Description
Filters the variants based on a regular expression defined over the activities.
MATCH_PROCESS_REGEX matches the variants of a process based on a regular expression. The regular expression defines a pattern over the activities of the variant. It returns an INT value which is 1 if the variant matches the pattern or 0 if it does not match.
Tips
- You can define an alias for an activity and use this alias as an abbreviation for the activity name inside the regular expression. This improves the readability of the pattern if you have long activity names.

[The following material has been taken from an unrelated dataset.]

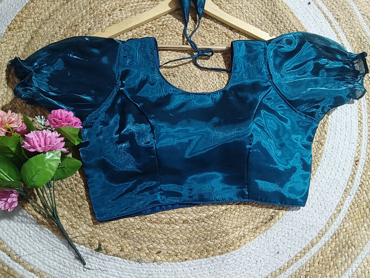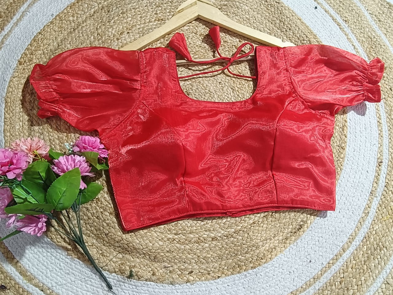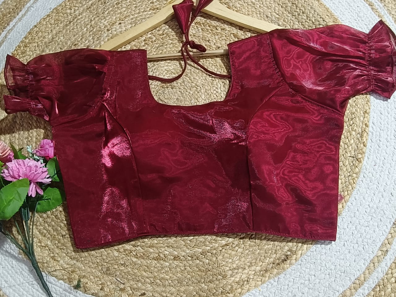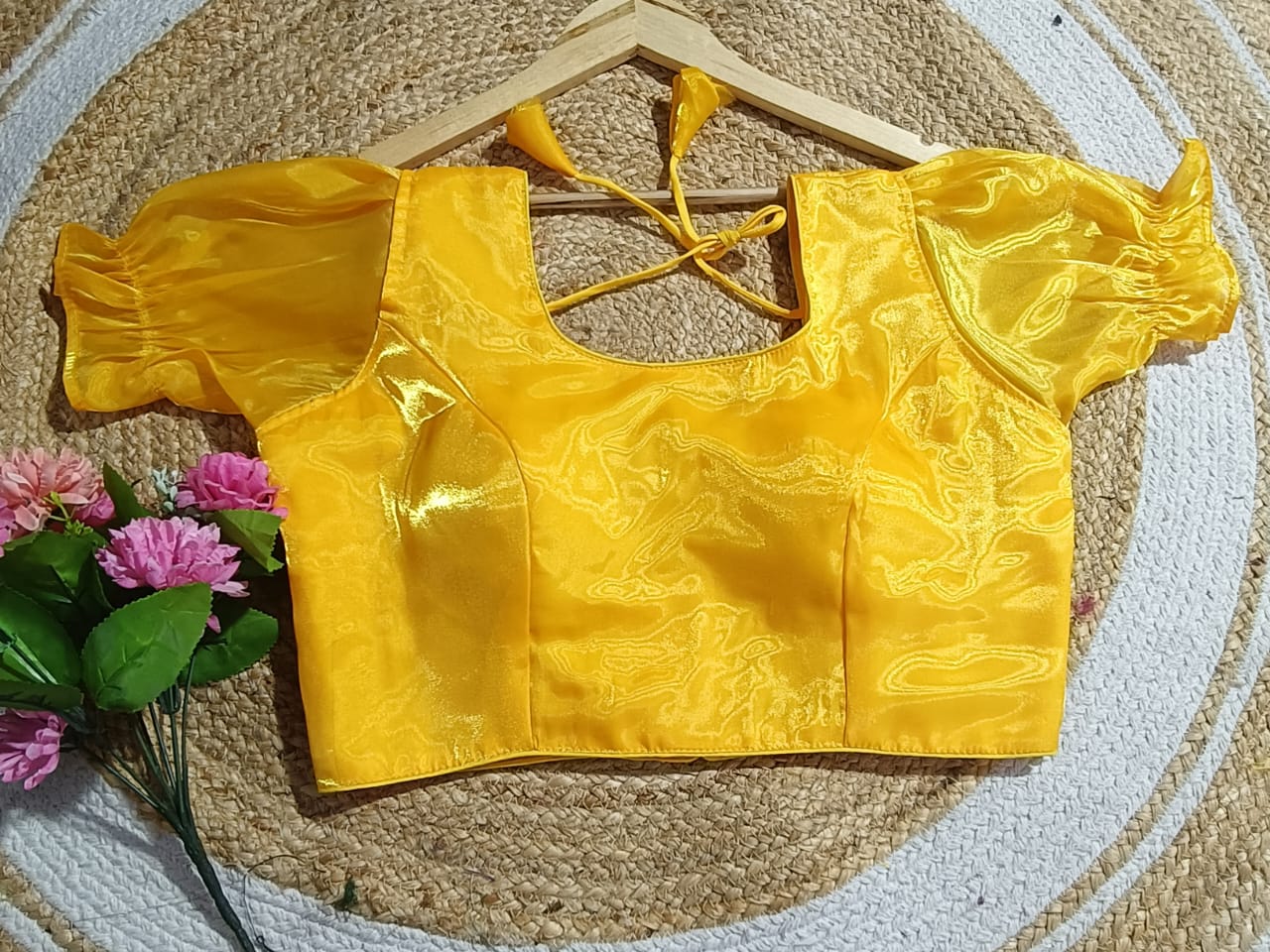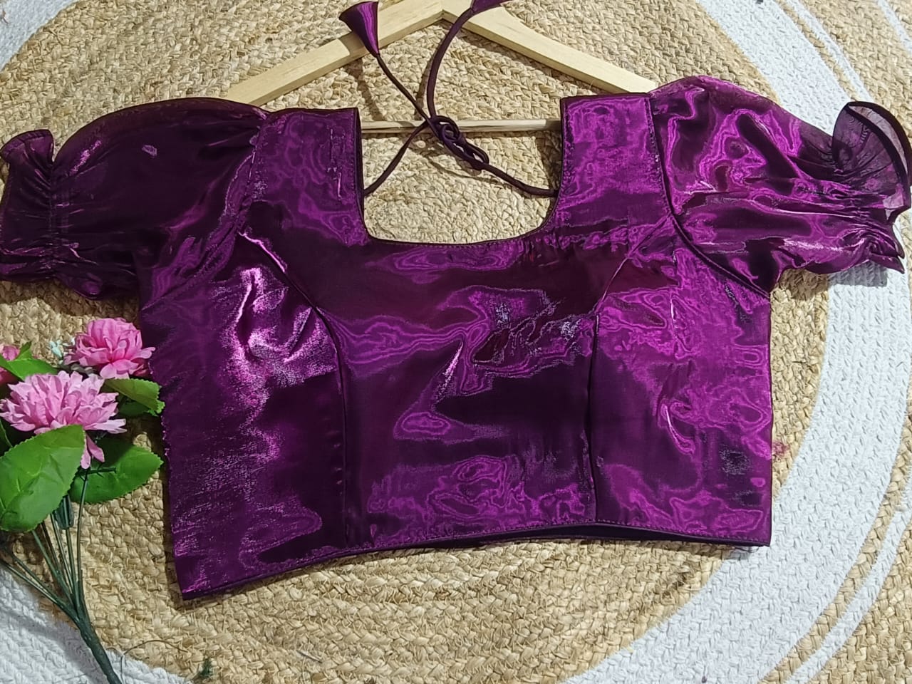 The Fuchsia Jimichu Puff Sleeve Blouse is crafted to add a splash of festive brilliance to your ethnic wardrobe. Made from premium Jimichu fabric, this blouse is synonymous with luxury, elegance, and comfort. Its bold fuchsia pink color combined with a glossy shimmer promises to turn heads at weddings, celebratory functions, and cultural gatherings.

- You can also define an alias for a subexpression. This enables you to give a logical name to a certain subexpression and use this subexpression at different places inside the regular expression. This allows you to structure your regular expressions and improve its understandability
- MATCH_PROCESS_REGEX is very useful if you want to filter on variants by a very specific and/or complex pattern, e.g. containing sequences or loops. If you want to filter for the occurrence of a single activity or very simple patterns, it is far more efficient to use normal conditional expressions instead of regular expressions.
Syntax
MATCH_PROCESS_REGEX ( activity_table.activity_column, regular_expression )
Patterns
This is an overview over all patterns that can be used within the regular expression. Full example queries as well as more detailed descriptions can be found below.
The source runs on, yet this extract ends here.